For the entries that follow, retype exactly the lines from the one containing "회색 아이스 실크 선" to the one containing "Diese elegante Büroschreibmaschine", inclusive, and only those. Images stay out of the copy.

Given data:
+-------+

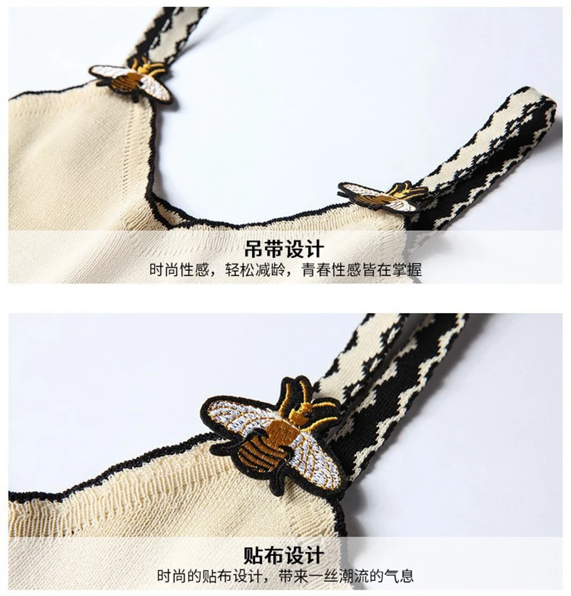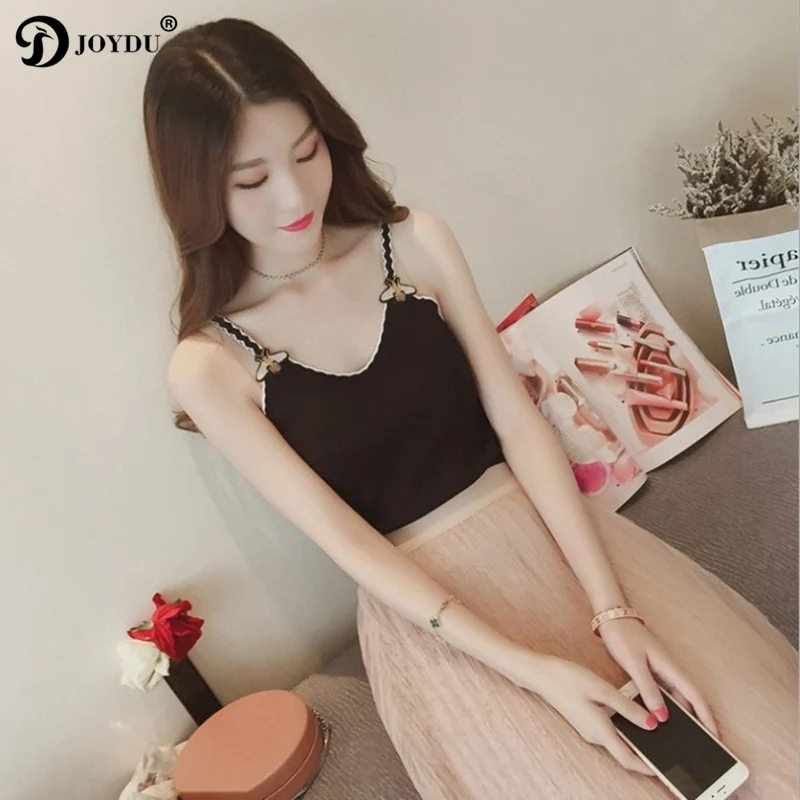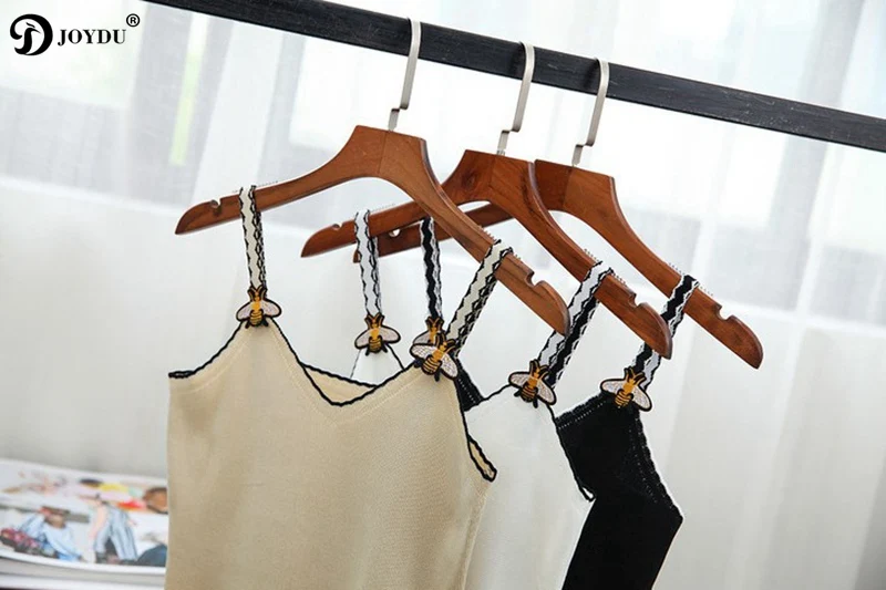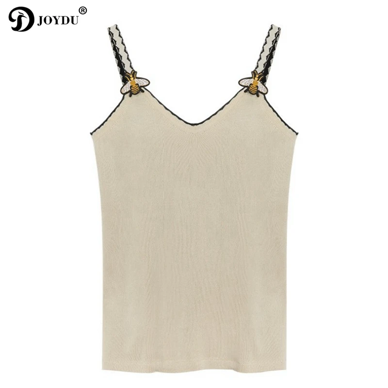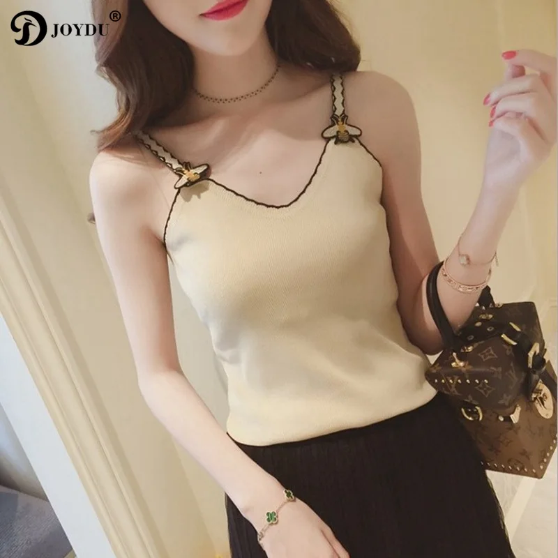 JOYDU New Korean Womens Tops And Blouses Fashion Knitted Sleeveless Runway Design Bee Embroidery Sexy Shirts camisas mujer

+-------+

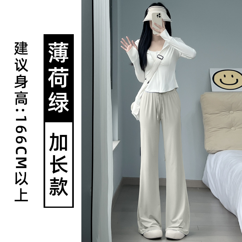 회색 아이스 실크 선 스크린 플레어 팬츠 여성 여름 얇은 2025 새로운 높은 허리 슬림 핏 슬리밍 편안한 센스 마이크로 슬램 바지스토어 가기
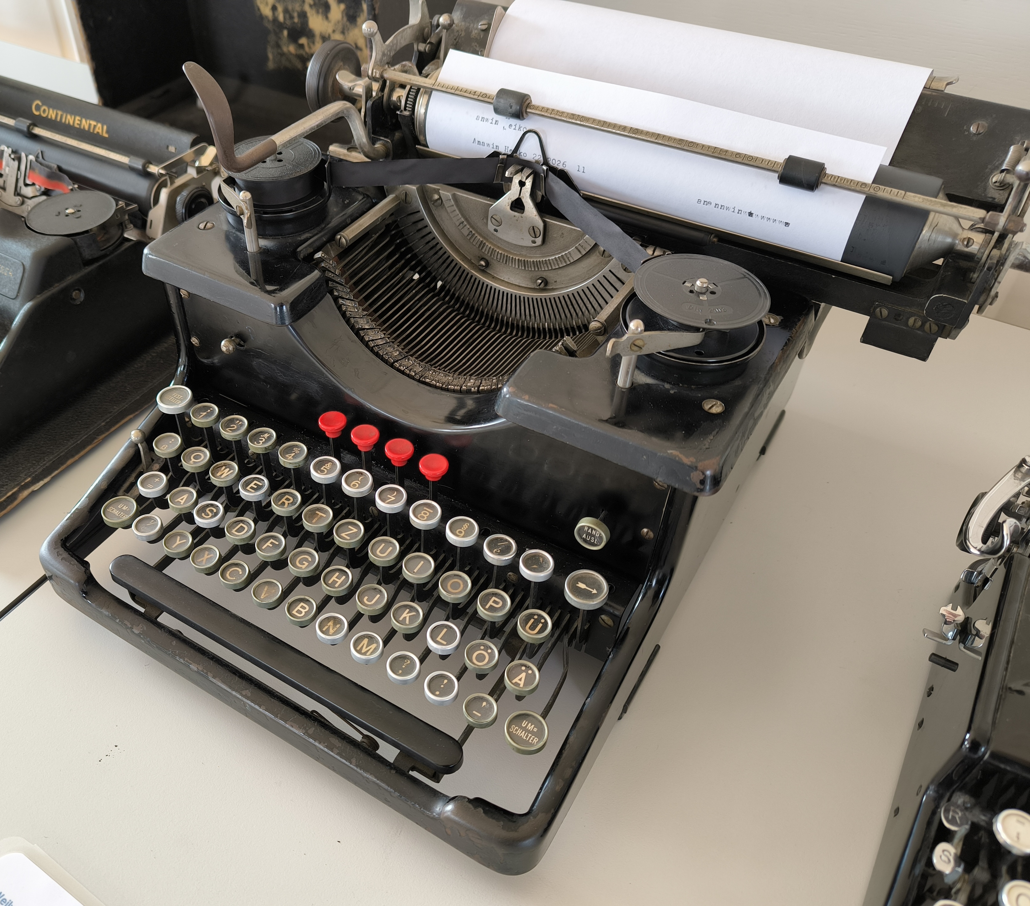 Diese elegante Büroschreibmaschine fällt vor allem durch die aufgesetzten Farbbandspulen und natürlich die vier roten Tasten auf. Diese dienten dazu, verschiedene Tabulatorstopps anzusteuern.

+-------+

Solution to the exercise:
 회색 아이스 실크 선 스크린 플레어 팬츠 여성 여름 얇은 2025 새로운 높은 허리 슬림 핏 슬리밍 편안한 센스 마이크로 슬램 바지스토어 가기
 Diese elegante Büroschreibmaschine fällt vor allem durch die aufgesetzten Farbbandspulen und natürlich die vier roten Tasten auf. Diese dienten dazu, verschiedene Tabulatorstopps anzusteuern.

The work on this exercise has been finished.